On the client side, Microsoft has already patched Internet Explorer to refuse to use a too small modulus. A fix for Firefox in the form of a plugin by Mozilla is available here now. It is expected that other browser vendors(Opera, Chrome...) will soon follow.

On the server side, you can explicitly disable support for "export" cipher suites, and generate your own DH parameters. See that page for details. Note that IIS is kind of immune to all of this because apparently it never supported DHE cipher suites with anything else than a DSS server certificate, and nobody uses DSS server certificates.

Note that ECDHE cipher suites, in which "EC" meaning "elliptic curve", are not at risk here, because:

  • There are no "export" ECDHE cipher suites (ECDHE cipher suites were defined after the US export regulations were considerably lifted).
  • Clients in general support only a few specific curves (usually only two of them, P-256 and P-384) and neither is weak enough to be broken (not now, not in the foreseeable future either).

And what about the NSA ?

The Logjam researchers include some talk about how some "attackers with nation-state resources" could break through 1024-bit DH. This is quite a stretch. In my experience, nation-states indeed have a lot of resources and are good at spending it, but that's not the same thing as succeeding at breaking hard crypto.

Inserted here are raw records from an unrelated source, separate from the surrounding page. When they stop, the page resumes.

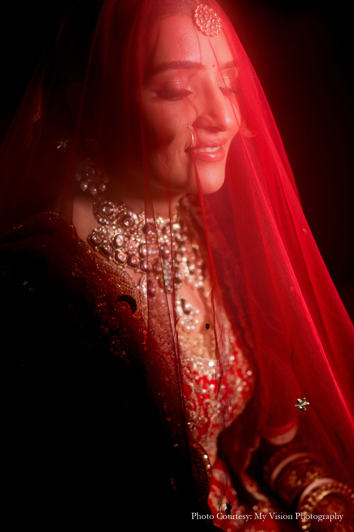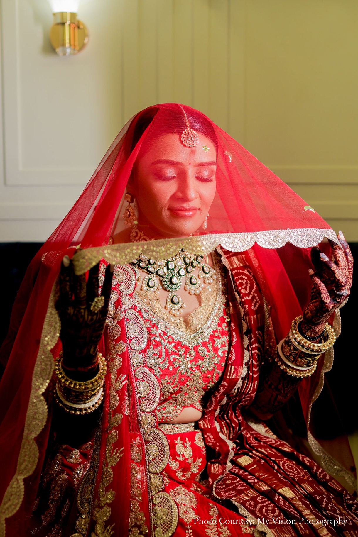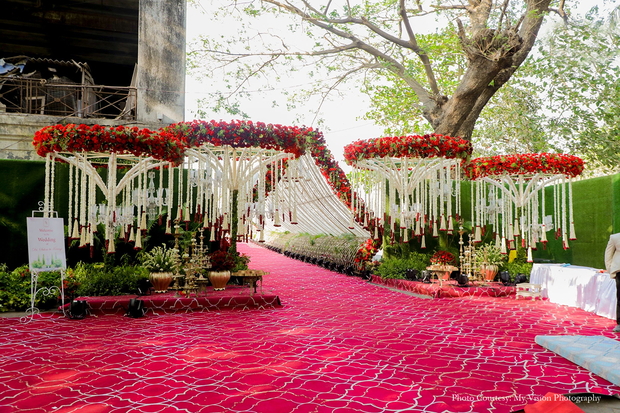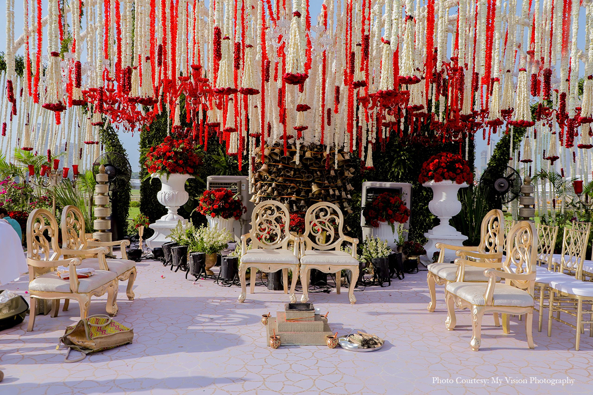 Nikhil adds, “The stunning wedding phere mandap stage was customized with the vintage bells and roots décor exuded timeless elegance, a symphony of red and gold.”
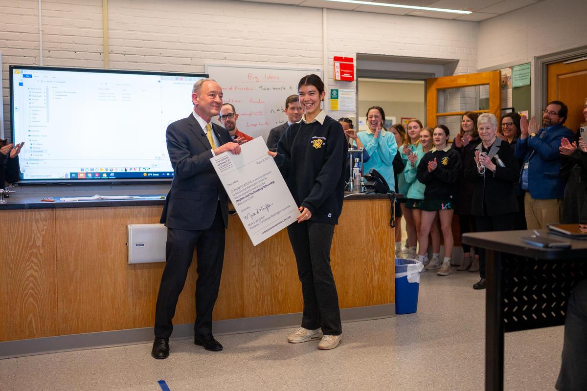 But visitors from the largest university in D.C.—George Washington University—quickly interrupted the in-class activity to deliver to Evans, a highly involved leader and exemplary STEM-focused student at McKinley Tech, some big news. She will have the opportunity to remain a leader in the city and be a part of its solution for her own generation and others behind her as university officials awarded her a Stephen Joel Trachtenberg (SJT) scholarship. Not only had she been admitted to GW, but the scholarship would also cover the full cost of her college education—four years of tuition, room, board, books and fees.
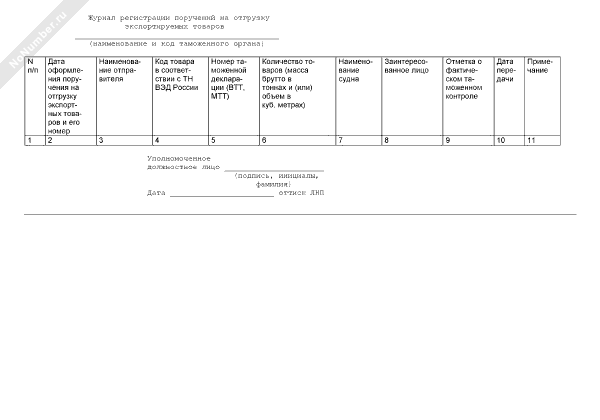 Журнал регистрации поручений на отгрузку экспортируемых товаров
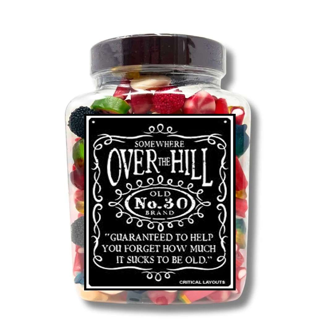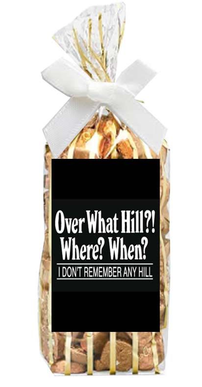 That over-the-hill birthday will be lots of fun when the Over The Hill gift basket arrives. A tombstone towers over cookies, "over the hill" pills, and "over the hill" mug, lots of goodies as well as the Victims Guide to Birthdays book. Don't miss the "over the hill" hearing aid so they can hear you sing Happy Birthday! Send the Over the Hill gift basket to your favorite "senior citizen".The Large Over the Hill Birthday Gift Basket includes: 6"Over the Hill Tombstone, Over the Hill Fortune Cookies, Over the Hill Pills, Over the Hill Mug, Ms Beasley's Chocolate chip cookies, 5 oz. Chocolate Fudge Popcorn, 5 oz Grand Party Mix, Over the Hill Theme Bag with Candies, Over The Hill Pork & Beans Can for Regularity , Victims Guide to Birthdays, Over the Hill Hearing Aide, Petite Fruit Candies, 1.5 oz. White Cheddar Popcorn, Assorted Sour Balls, Black Oval TrayPrice includes Ground Shipping
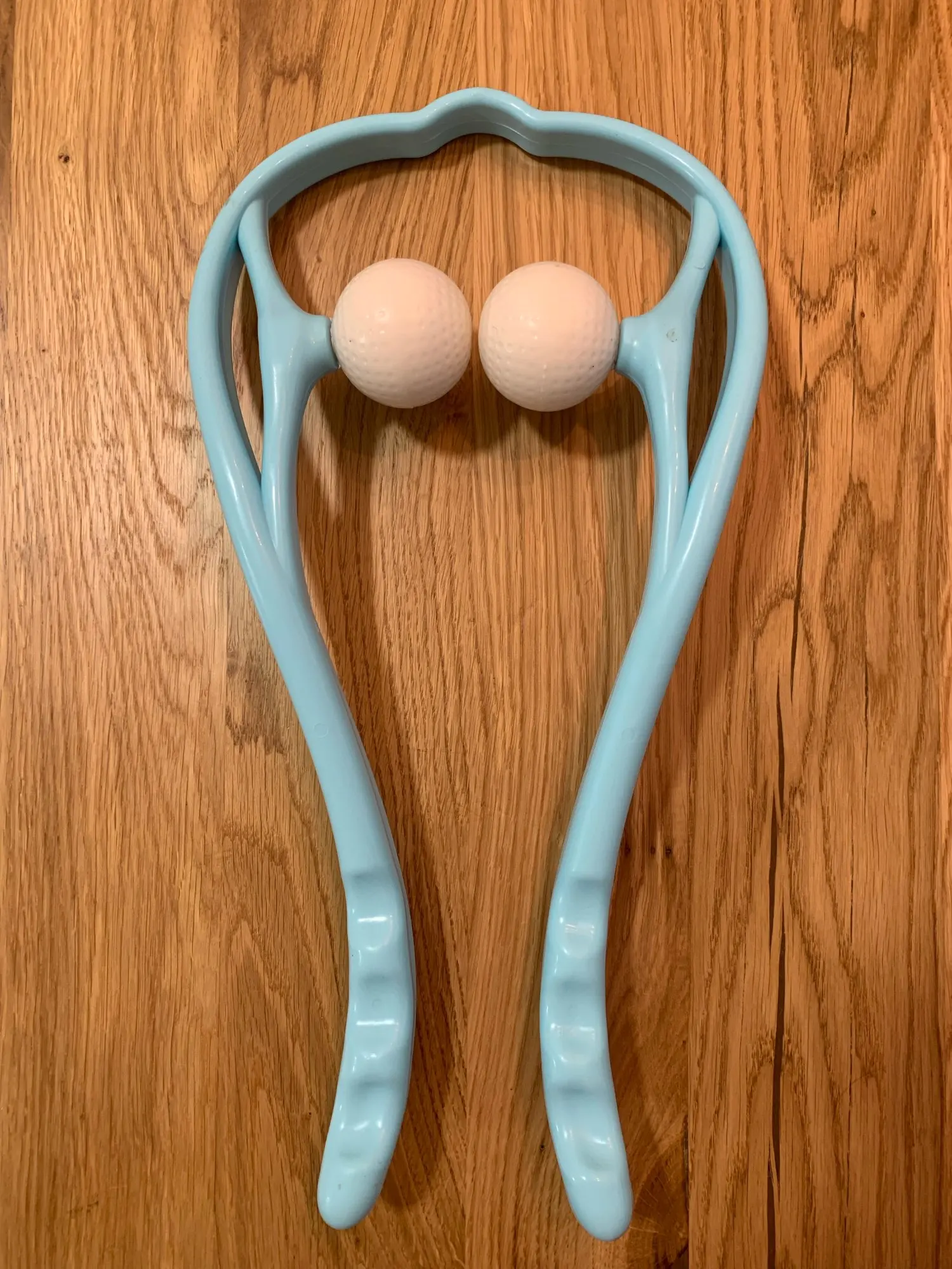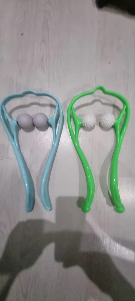 этот массажер хорош. купил в другом магазине более дешевый. пластик на нем оказался тонким и гнется весь. здесь купленный хороший, прочный, удобный. лучше купите здесь. на фото оба купленных мной массажера. зкленый я покупал в другом месте. он говно.
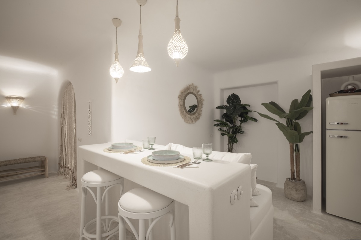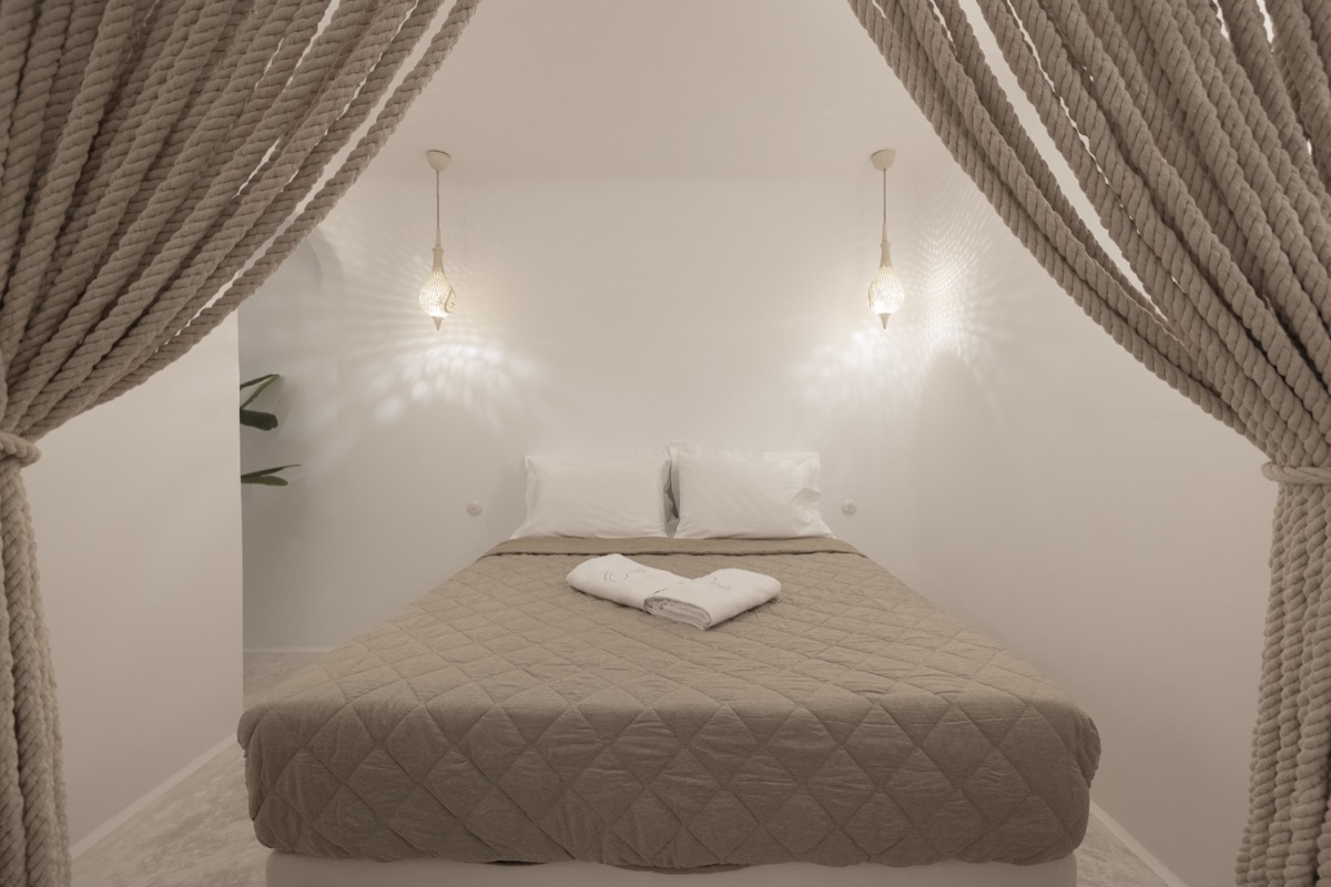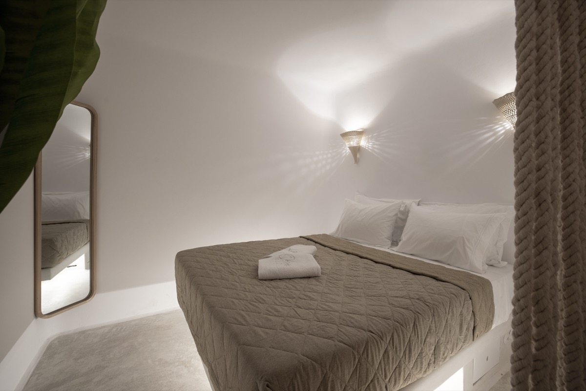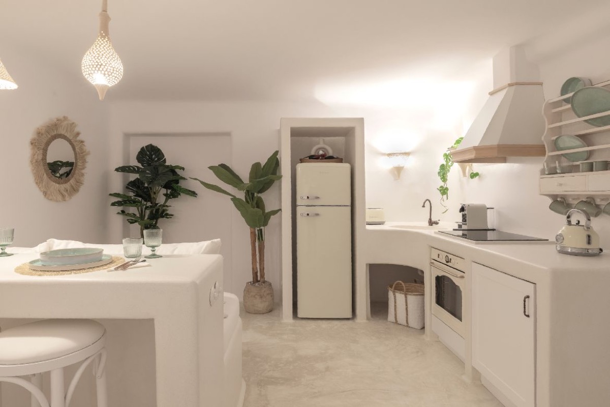 Located on the basement level, the Suite Cellar accommodates up to 4 guests in an open-plan space designed with soft Cycladic curves and minimal, earthy finishes. The suite features two open-plan bedrooms with double beds, a fully equipped kitchen, A/C, TV, Wi-Fi, bath amenities, towels, and all the essentials for a comfortable and relaxing stay.

Nevertheless, if you fear that 1024-bit DH is "too weak",go for 2048-bit(this is the recommended one anyway), or ECDHE.

Or simply accept that people with overwhelming resources really have overwhelming resources and won't be defeated by a simple modulus size. Those who can spend billions of dollars for cracking machines can also bribe your kids with a few hundreds of dollars to go through your computer files and your wallet.


Logjam shouldn't really be called a "new" vulnerability - it's a rehash of FREAK which targets export-grade DH rather than export-grade RSA.

Practical exploitation relies on the following flaws:

  • The TLS protocol is vulnerable to having its key exchange protocol downgraded by an attacker.
  • Servers are still supporting export-grade Diffie-Hellman (e.g. 512-bit keys)
  • For performance reasons, many implementations hard-code a common prime. This nuance can be abused in order to precompute part of an attack ahead of time for any server which uses that prime.

The attack essentially allows an attacker to precompute a set of data for a target prime known to be in use by a TLS service in its DH implementation. For 512-bit DH this is known to take about a week. Once this has been done, the attacker can break the DH key exchanges with that service in about 1-2 minutes per exchange. Once the exchange is broken, the attacker gains access to the session keys, allowing them to decrypt all traffic.

This issue can be fixed in the following ways:

  • Disable export-grade ciphers.
  • Use elliptic curve DH (ECDHE) rather than finite field DH. This makes the attack much harder in practice due to the lesser advantage of precomputation.
  • Generate a unique DH group for a large prime size such as 2048-bit, and use that instead of a default widely-shared group.

As a side note, one of the interesting factors in this bug is that it matches the NSA's reported capabilities in the field of TLS and IKE (VPN) traffic decryption. In the case of mass traffic capture and decryption, the precomputation attack becomes particularly efficient and effective, due to the vast quantity of data available which is likely to be associated with a known shared prime.

More details available:

  • Full paper
  • Logjam PFS Deployment Guide

Logjam is a cipher downgrade attack where a man in the middle can trick the end points into using a weak cipher. A weak cipher would allow the man in the middle to easily decrypt intercepted traffic.

As with all other cipher downgrade attacks the best way to prevent it is to disable weak ciphers in the first place. If weak ciphers are not available even a successful cipher downgrade will result in strong encryption.